In one general aspect, a method of operating a neural network model includes predicting first latent target data based on source data and based on target data corresponding to the source data, predicting second latent target data based on the source data and based on constant data, and training the NN model based on the first latent target data and the predicted second latent target data; the first latent target data and the target data have a many-to-one relationship.
The training of the NN model may be based on a difference between the first latent target data and the second latent target data.
The predicting of the first latent target data may be based on a connectionist temporal classification (CTC) algorithm.
The predicting of the first latent target data may include masking out a portion of the target data and predicting the first latent target data by receiving the source data and a remainder of the target data that is not masked out.
The first latent target data may be predicted by using cross entropy as a loss function.
The training of the NN model may include training the NN model based on a first loss function determined based on a difference between the target data and the first latent target data, a second loss function determined based on a difference between the target data and the second latent target data, and/or a third loss function determined based on a difference between the first latent target data and the second latent target data.
The training of the NN model may include training the NN model to minimize a final loss function determined based on the first loss function, the second loss function, and/or the third loss function
The method may further include outputting a source vector generated based on the source data, and generating a target vector based on the target data, wherein the first latent target data is predicted based on the source vector and the target vector, and the second latent target data may be predicted based on the source vector.
The source data and the target data may include time-series data comprising portions of data captured in sequence at respective different times.
In another general aspect, an electronic device includes one or more processors and a memory storing instructions configured to, when executed by the one or more processors, cause the one or more processors to: predict first latent target data by receiving source data and target data, predict second latent target data by receiving the source data and constant data, train a neural network (NN) model based on the received first latent target data and the received second latent target data; the first latent target data and the target data have a many-to-one relationship.

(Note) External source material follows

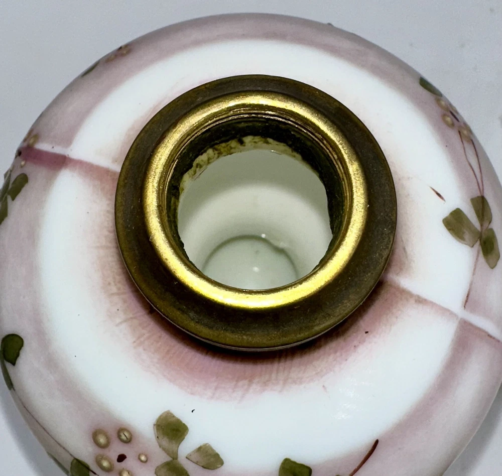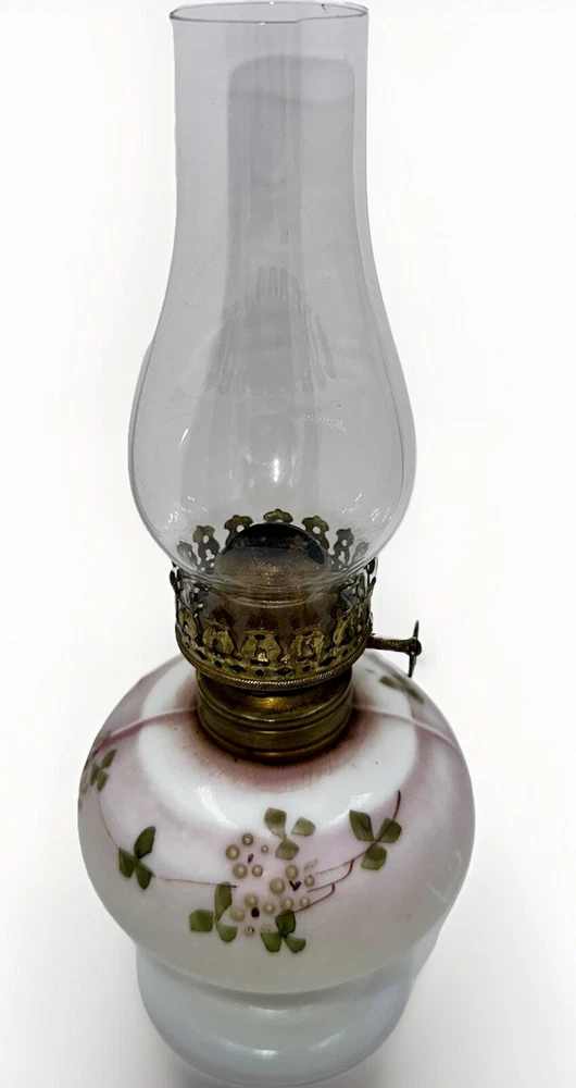 Antique miniature oil / kerosene table or bedside lamp Opal glass with a satin finish and enameled floral motif - very pretty! Clear glass chimney included Antique burner included with working wick Very nice antique condition with no chips or cracks - ready to use Approximate measurements ( may vary slightly ): 9 1/4" high to top of shade 4 3/8" high to top of brass collar 3" diameter base Please look closely at the pictures; they are part of the description. We are describing what we see but you are the expert. If described as VINTAGE or ANTIQUE, it should never be expected to look like new. Color or image quality displayed on your device may not be exactly as the item appears in person, but we do not alter our pictures. SHIPPING - Please Read: Our items are typically shipped UPS with prices fixed by the carrier. We have added the USPS option in the case of shipping to a P.O. Box. The selling platform retains a percentage of our shipping fees so not all of what you pay actually comes to us. Shipping charges outside the U.S. are not set by us since we use ONLY the eBay International Shipping Program for that. We are not able to invoice you or offer shipping discounts for international sales. Please consider that you are easily able to browse our listings to purchase items that cost us time (hours at auctions and "clean-up" time) and money (travel, shipping supplies, etc.) to present to you. Please contact us with any serious concerns before posting low feedback or star ratings. We will do our best to respond promptly. 1 4E 25 Track Page Views With Auctiva's Counter

The instructions may be further configured to cause the one or more processors to train the NN model by minimizing a difference between the first latent target data and the second latent target data.
The instructions may be further configured to cause the one or more processors to predict the first latent target data based on a connectionist temporal classification (CTC) algorithm.
The instructions may be further configured to cause the one or more processors to mask a portion of the target data and predict the first latent target data by receiving the source data and the masked target data.
The instructions may be further configured to cause the one or more processors to predict the first latent target data by using cross entropy as a loss function.
The instructions may be further configured to cause the one or more processors to train the NN model based on either a first loss function determined based on a difference between the target data and the first latent target data, a second loss function determined based on a difference between the target data and the second latent target data, and/or a third loss function determined based on a difference between the first latent target data and the second latent target data.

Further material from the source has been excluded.